- Opening Delimiter -

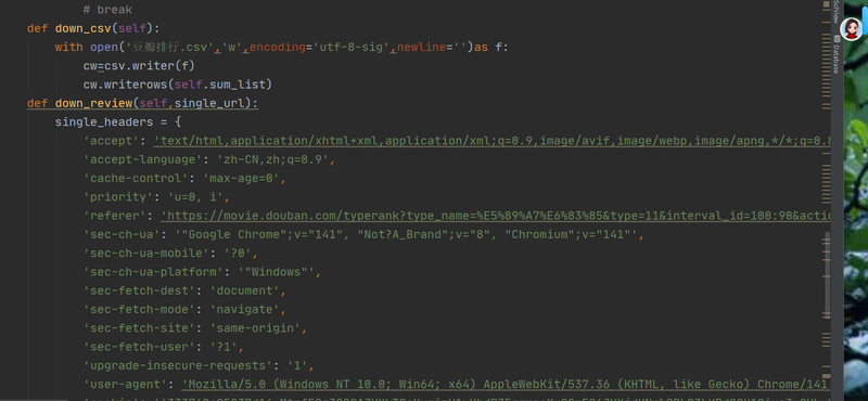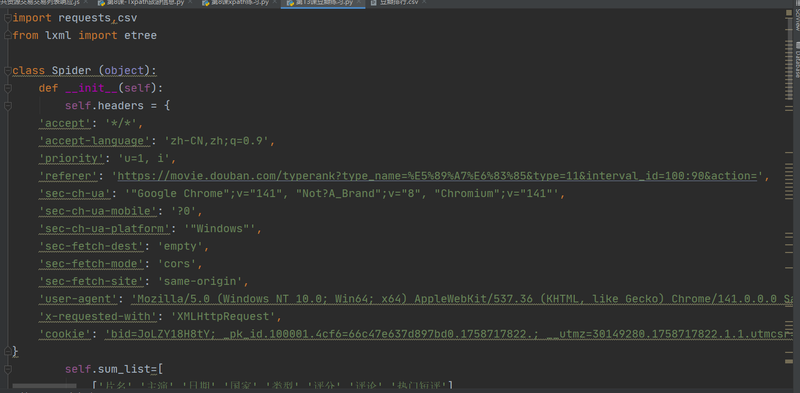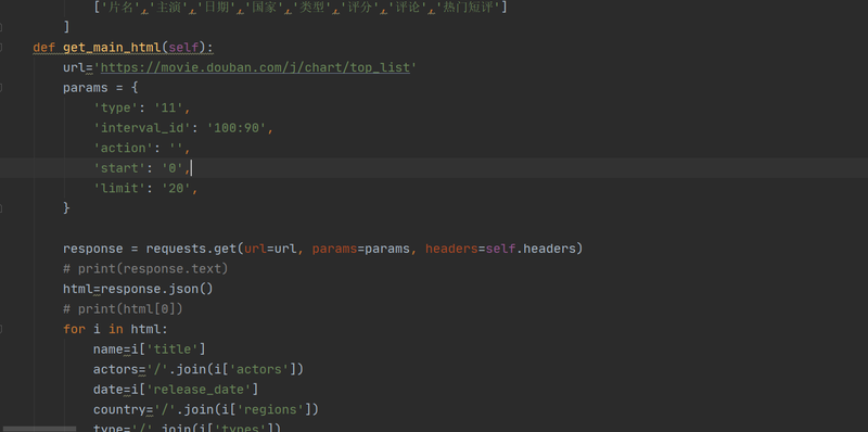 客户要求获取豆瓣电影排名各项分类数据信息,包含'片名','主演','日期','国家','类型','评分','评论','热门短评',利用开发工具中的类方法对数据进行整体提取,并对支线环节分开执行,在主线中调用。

- Closing Delimiter -
- Opening Delimiter -

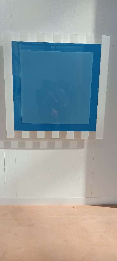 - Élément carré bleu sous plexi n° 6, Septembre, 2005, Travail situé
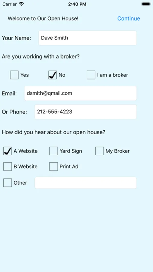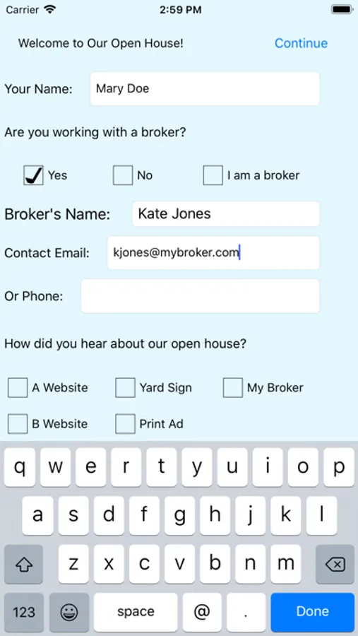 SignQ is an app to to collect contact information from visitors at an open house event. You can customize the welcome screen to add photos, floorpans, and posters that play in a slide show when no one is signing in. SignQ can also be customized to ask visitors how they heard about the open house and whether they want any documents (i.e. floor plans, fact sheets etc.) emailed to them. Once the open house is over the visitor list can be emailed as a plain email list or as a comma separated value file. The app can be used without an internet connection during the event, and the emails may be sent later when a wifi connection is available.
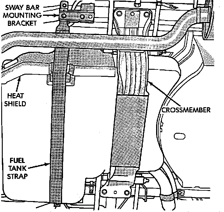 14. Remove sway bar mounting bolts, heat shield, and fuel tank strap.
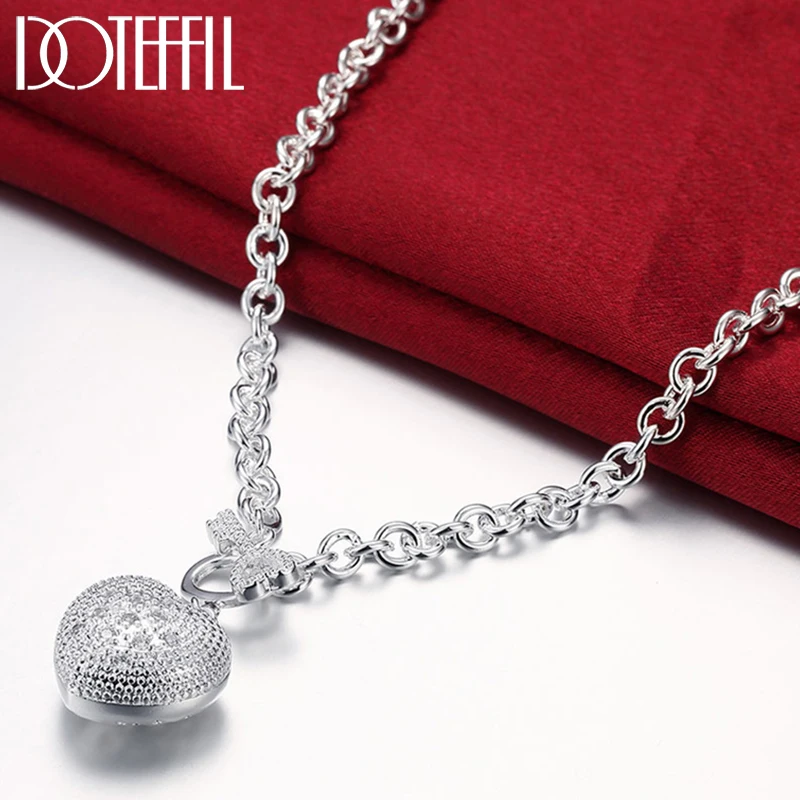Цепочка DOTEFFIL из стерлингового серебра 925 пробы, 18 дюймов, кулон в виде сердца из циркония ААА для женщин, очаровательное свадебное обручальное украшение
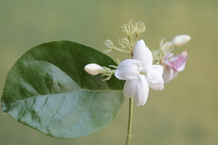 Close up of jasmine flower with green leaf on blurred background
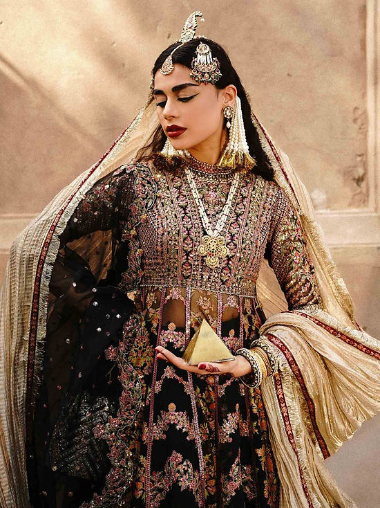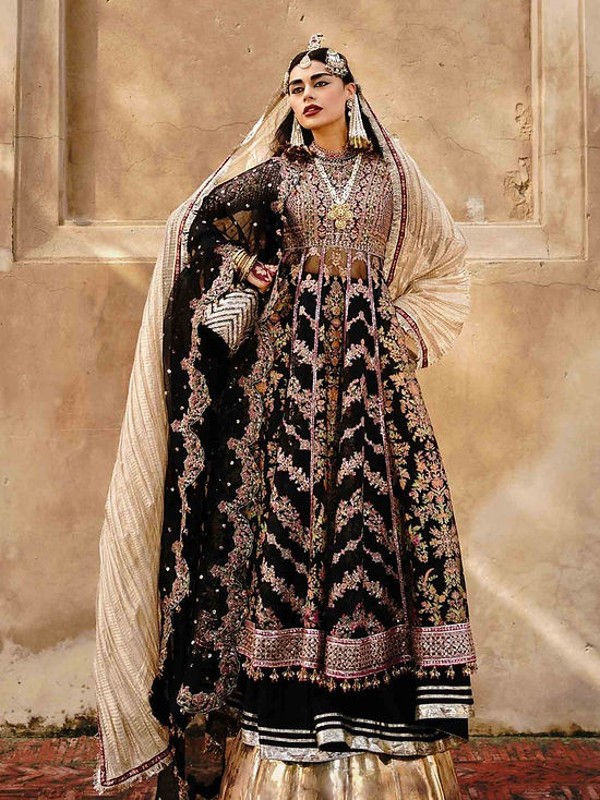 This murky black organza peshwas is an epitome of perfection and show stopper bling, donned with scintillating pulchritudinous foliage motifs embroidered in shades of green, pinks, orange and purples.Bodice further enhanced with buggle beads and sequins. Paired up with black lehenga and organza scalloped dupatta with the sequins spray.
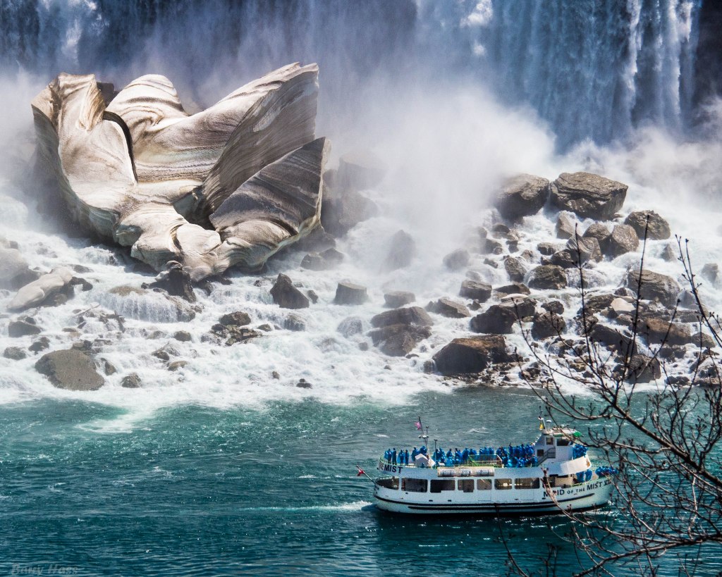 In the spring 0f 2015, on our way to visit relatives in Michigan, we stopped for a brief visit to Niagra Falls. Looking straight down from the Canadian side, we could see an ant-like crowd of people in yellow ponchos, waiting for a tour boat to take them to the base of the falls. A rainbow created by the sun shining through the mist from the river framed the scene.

- Closing Delimiter -
- Opening Delimiter -

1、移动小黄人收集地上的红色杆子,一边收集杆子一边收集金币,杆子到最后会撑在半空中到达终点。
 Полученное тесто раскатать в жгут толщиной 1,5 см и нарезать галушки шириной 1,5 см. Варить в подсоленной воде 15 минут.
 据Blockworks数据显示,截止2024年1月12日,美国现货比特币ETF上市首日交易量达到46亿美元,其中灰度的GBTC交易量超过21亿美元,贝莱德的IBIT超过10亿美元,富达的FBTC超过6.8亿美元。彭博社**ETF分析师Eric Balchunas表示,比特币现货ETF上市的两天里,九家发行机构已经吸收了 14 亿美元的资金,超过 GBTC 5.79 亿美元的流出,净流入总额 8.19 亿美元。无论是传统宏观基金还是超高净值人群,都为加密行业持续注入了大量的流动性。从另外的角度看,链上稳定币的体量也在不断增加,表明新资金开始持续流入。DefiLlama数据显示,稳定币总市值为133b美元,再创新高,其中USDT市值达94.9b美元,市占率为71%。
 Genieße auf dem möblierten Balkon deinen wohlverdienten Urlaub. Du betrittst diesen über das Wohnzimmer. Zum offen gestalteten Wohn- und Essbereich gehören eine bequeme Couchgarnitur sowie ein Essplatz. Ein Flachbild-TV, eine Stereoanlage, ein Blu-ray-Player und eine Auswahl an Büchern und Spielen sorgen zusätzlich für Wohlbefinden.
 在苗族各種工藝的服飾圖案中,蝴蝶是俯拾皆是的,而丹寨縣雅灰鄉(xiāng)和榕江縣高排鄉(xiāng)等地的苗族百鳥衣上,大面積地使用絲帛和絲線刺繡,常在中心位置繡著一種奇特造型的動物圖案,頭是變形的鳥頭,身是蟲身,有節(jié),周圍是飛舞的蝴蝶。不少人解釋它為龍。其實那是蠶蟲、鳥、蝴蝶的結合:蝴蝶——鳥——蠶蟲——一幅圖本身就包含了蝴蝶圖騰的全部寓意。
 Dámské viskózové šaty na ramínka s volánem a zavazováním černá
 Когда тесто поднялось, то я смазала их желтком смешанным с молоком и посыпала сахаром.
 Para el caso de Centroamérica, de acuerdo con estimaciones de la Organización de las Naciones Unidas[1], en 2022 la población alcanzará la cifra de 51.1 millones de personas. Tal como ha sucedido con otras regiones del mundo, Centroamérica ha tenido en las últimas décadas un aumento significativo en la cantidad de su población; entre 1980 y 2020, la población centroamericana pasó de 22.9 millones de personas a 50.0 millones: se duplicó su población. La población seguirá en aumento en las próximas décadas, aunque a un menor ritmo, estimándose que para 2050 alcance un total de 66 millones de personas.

- Closing Delimiter -

- Brief -
Set down exactly the lines of the data above, beginning with the line that has "Когда тесто поднялось, то" and ending with the line that has "Para el caso", and no others.

- Exercise solution -
 Когда тесто поднялось, то я смазала их желтком смешанным с молоком и посыпала сахаром.
 Para el caso de Centroamérica, de acuerdo con estimaciones de la Organización de las Naciones Unidas[1], en 2022 la población alcanzará la cifra de 51.1 millones de personas. Tal como ha sucedido con otras regiones del mundo, Centroamérica ha tenido en las últimas décadas un aumento significativo en la cantidad de su población; entre 1980 y 2020, la población centroamericana pasó de 22.9 millones de personas a 50.0 millones: se duplicó su población. La población seguirá en aumento en las próximas décadas, aunque a un menor ritmo, estimándose que para 2050 alcance un total de 66 millones de personas.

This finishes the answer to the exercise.